== Data shown ==
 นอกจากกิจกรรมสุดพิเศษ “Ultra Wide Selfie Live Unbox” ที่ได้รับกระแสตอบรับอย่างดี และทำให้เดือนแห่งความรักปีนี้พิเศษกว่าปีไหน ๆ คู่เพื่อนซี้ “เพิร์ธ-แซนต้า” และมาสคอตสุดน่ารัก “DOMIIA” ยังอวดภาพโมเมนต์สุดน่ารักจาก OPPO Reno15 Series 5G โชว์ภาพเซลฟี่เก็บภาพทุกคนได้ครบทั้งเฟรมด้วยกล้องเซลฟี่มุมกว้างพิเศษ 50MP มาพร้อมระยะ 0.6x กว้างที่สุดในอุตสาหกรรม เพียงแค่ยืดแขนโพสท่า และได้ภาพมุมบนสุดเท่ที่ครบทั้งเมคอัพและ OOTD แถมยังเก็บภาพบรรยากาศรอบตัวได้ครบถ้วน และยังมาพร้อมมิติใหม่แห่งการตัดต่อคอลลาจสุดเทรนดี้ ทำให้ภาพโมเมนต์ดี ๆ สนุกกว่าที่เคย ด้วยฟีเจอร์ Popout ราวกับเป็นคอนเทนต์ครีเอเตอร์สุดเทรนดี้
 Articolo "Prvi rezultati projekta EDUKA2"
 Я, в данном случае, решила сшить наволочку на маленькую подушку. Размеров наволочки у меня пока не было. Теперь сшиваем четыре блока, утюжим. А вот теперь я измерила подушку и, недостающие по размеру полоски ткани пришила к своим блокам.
===
== Data shown ==
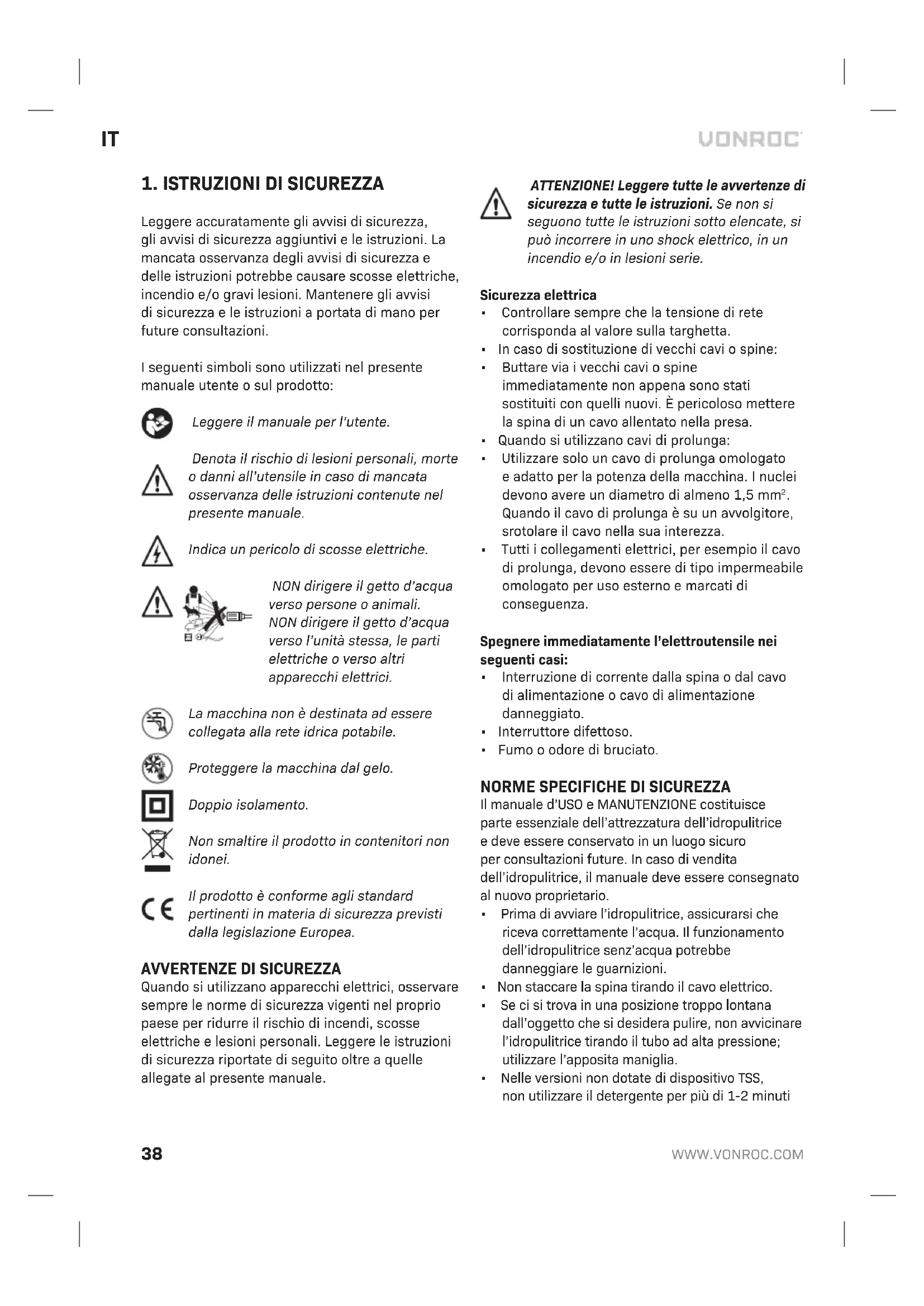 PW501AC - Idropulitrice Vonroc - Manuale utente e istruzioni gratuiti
===
Activity —
Exact duplication is required for the lines above, from the line that contains "ด้วยฟีเจอร์ Popout ราวกับเป็นคอนเทนต์ครีเอเตอร์สุดเทรนดี้" to the line that contains "Я, в данном", inclusive; omit all others.

Answer to the problem —
 นอกจากกิจกรรมสุดพิเศษ “Ultra Wide Selfie Live Unbox” ที่ได้รับกระแสตอบรับอย่างดี และทำให้เดือนแห่งความรักปีนี้พิเศษกว่าปีไหน ๆ คู่เพื่อนซี้ “เพิร์ธ-แซนต้า” และมาสคอตสุดน่ารัก “DOMIIA” ยังอวดภาพโมเมนต์สุดน่ารักจาก OPPO Reno15 Series 5G โชว์ภาพเซลฟี่เก็บภาพทุกคนได้ครบทั้งเฟรมด้วยกล้องเซลฟี่มุมกว้างพิเศษ 50MP มาพร้อมระยะ 0.6x กว้างที่สุดในอุตสาหกรรม เพียงแค่ยืดแขนโพสท่า และได้ภาพมุมบนสุดเท่ที่ครบทั้งเมคอัพและ OOTD แถมยังเก็บภาพบรรยากาศรอบตัวได้ครบถ้วน และยังมาพร้อมมิติใหม่แห่งการตัดต่อคอลลาจสุดเทรนดี้ ทำให้ภาพโมเมนต์ดี ๆ สนุกกว่าที่เคย ด้วยฟีเจอร์ Popout ราวกับเป็นคอนเทนต์ครีเอเตอร์สุดเทรนดี้
 Articolo "Prvi rezultati projekta EDUKA2"
 Я, в данном случае, решила сшить наволочку на маленькую подушку. Размеров наволочки у меня пока не было. Теперь сшиваем четыре блока, утюжим. А вот теперь я измерила подушку и, недостающие по размеру полоски ткани пришила к своим блокам.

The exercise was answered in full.